An intrastromal pocket with 9 mm of diameter and 300 µm of depth was created via a small incision of 3 mm using the PocketMaker Microkeratome, as described in details elsewhere (25, 26). The Microkeratome has a suction ring and a motor-driven blade. First, the suction ring fixes the applanator to the cornea and then the micro-vibrating diamond creates the stromal pocket. Once the pocket is created, the MyoRing is inserted into the pocket using implantation forceps and centration is adjusted using a keratoscope. All procedures were performed with the temporal approach of self-sealing incisions. No intraoperative complications were noted during the surgical procedure in any of the cases. Postoperatively, a silicone bandage contact lens was placed on the cornea and removed 24 hours after the operation. Postoperative treatment included a combination of betamethasone drops (Sina Darou), chloramphenicol drops (Sina Darou), and non-preserved artificial tear (Artelac; Baush and Lomb), four times daily. Chloramphenicol was discontinued one week postoperatively whereas betamethasone was tapered during four to six weeks.

3.2. Statistical Analysis

Statistical analysis was performed using the SPSS version 16 for Windows (version 16; SPSS Inc. Chicago, IL, USA). All visual acuity measurements were converted from the Snellen notation to LogMAR. The normality of distribution was checked for all variables. Continuous variables are expressed as mean ± standard deviation (SD). Qualitative variables are reported as frequencies (percentages).

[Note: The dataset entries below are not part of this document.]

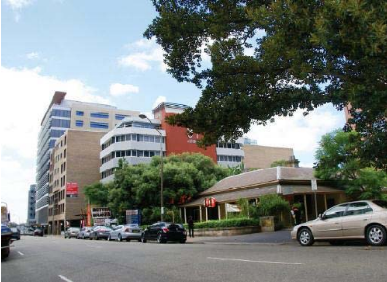
Figure 3 – View of Perth House, 91, 93 & 95 George Street viewed from George Street looking East
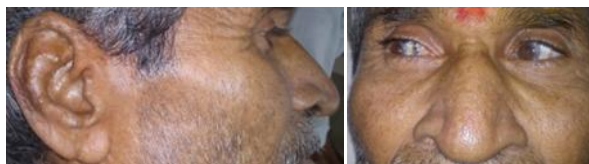
Figure 1a: Photograph of the patient showing pigmented and thickened helix, antihelix and tragus of the ear and pigmented sclera

A 60 year old male presented to our hospital with pain in the right knee following a history of trivial trauma. Subsequent to the trauma he was unable to walk unaided or climb stairs. He had a history of long standing back and knee pain. Clinically there was tenderness of the patellar tendon and inability to perform an active straight leg raise test. Avulsion of the patellar tendon was suspected. The patient had a pigmented sclera, thickened and pigmented, helix, antihelix and tragus, pigmented and thickened palmar skin (Figure 1a, b).
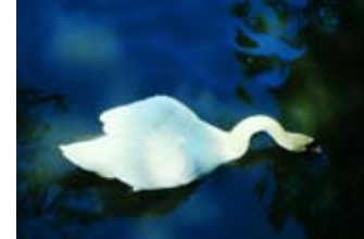
Toerisme Brugge foto Bruno Gouwy
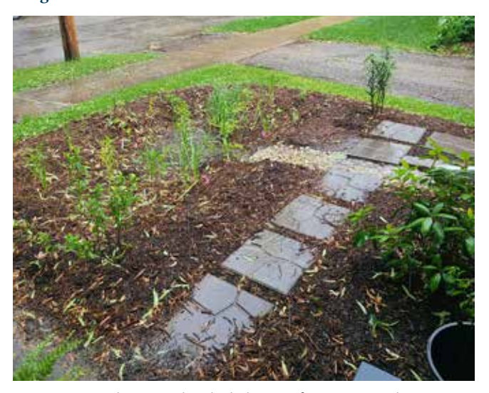
Two near east side rain gardens built during Safer at Home Orders. Residents discovered it doesn't take much to start building a garden – a shovel, tarp or wheel barrow and string. It can be as inexpensive as you choose.
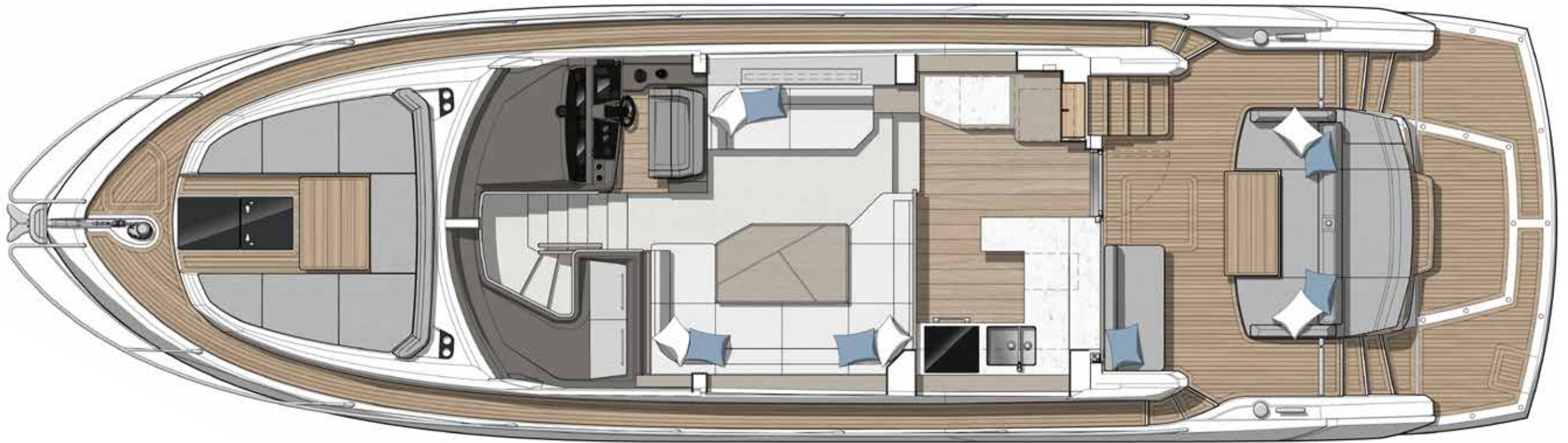
MAIN DECK - SALOON OPTION
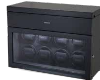
BLACK SERIES 8.16.CF
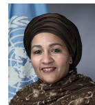
Featuring Deputy-Secretary-General Amina J. Mohammed

The differences between pre and postoperative refractive and visual outcomes were tested using the paired t-test. The results were compared between preoperative and postoperative examinations, with a mean follow-up of ten months. The threshold of statistical significance was a P value of less than 0.05.

4. Results

The study evaluated 15 eyes of 15 patients (73% males and 27% females) with a mean age of 29.7 ± 8 years (range 22 to 49 years). The mean duration of follow-up was 10 months (range 6 - 12 months). Table 1 summarizes preoperative and postoperative outcomes.

Table 1. Visual and Refractive Outcomesa
ParameterPreoperativePostoperativeP Value
Mean ± SDRangeMean ± SDRange
UDVA (log MAR)1.13 ± 0.210.7 to 1.300.24 ± 0.120 to 0.5< 0.001
CDVA (log MAR)0.4 ± 0.120.3 to 0.70.18 ± 0.090 to 0.4< 0.001
Sphere (D)-3.20 ± 3.40-10.00 to 00.01 ± 1.90-5.00 to 2.50< 0.001
Cylinder (D)-5.50 ± 1.20-7.00 to -3.00-1.50 ± 1.00-3.50 to 0< 0.001
SE (D)-6.00 ± 3.60-13.00 to -1.75-0.70 ± 1.90-6.00 to +1.75< 0.001

aAbbreviations: D, diopters; CDVA, corrected distance visual acuity; SE, spherical equivalent; UDVA, uncorrected distance visual acuity.

4.1. Visual Outcome

The mean UDVA (LogMAR) improved significantly from 1.13 ± 0.21, preoperatively, to 0.24 ± 0.12, postoperatively (P < 0.001). The UDVA improved in all eyes (100%). The improvement in mean UDVA was approximately nine lines of LogMAR. At the end of the follow-up period, 12 (80%) of the 15 eyes had a UDVA of 20/40 or more. The UDVA was 20/50 in three (20%) eyes, 20/40 in one (6%) eye, 20/32 in nine (60%) eyes, and 20/20 in two (13%) eyes.

The mean CDVA in LogMAR improved significantly from 0.40 ± 0.12 before the surgery to 0.18 ± 0.09 after the surgery (P < 0.001). The improvement in mean UDVA was two lines, postoperatively.

By the last visit of each patient, 73% of the eyes gained ≥ two lines of CDVA: two (13%) of 15 eyes gained five lines, three (20%) eyes gained three lines, six (40%) eyes gained two lines, and four (26%) eyes gained one line.

4.2. Refractive and Keratometry Outcomes

The mean decrease in spherical power, cylinder and spherical equivalent was 3.19, 4.00 and 5.00 D, respectively (P < 0.001).

The mean sphere of the manifest refraction decreased significantly from -3.20 ± 3.40, preoperatively to 0.01 ± 1.90, postoperatively (P < 0.001). The mean cylinder was -5.50 ± 1.20, preoperatively that reduced to -1.50 ± 1.00 at the end of the follow-up period (P < 0.001).

There was a significant reduction in the Spherical equivalent error (SE) from -6.00 ± 3.60, preoperatively to -0.70 ± 1.90, postoperatively at the end of the follow-up period (P < 0.001). Moreover, 10 of 15 eyes (66%) had a SE ranging from +1.00 to -1.00 D at the end of the follow-up period.

A significant reduction was observed in maximum, minimum, and average keratometry after MyoRing implantation. The amount of reduction was 5.00 D for the maximum keratometry reading (P < 0.001; Table 2).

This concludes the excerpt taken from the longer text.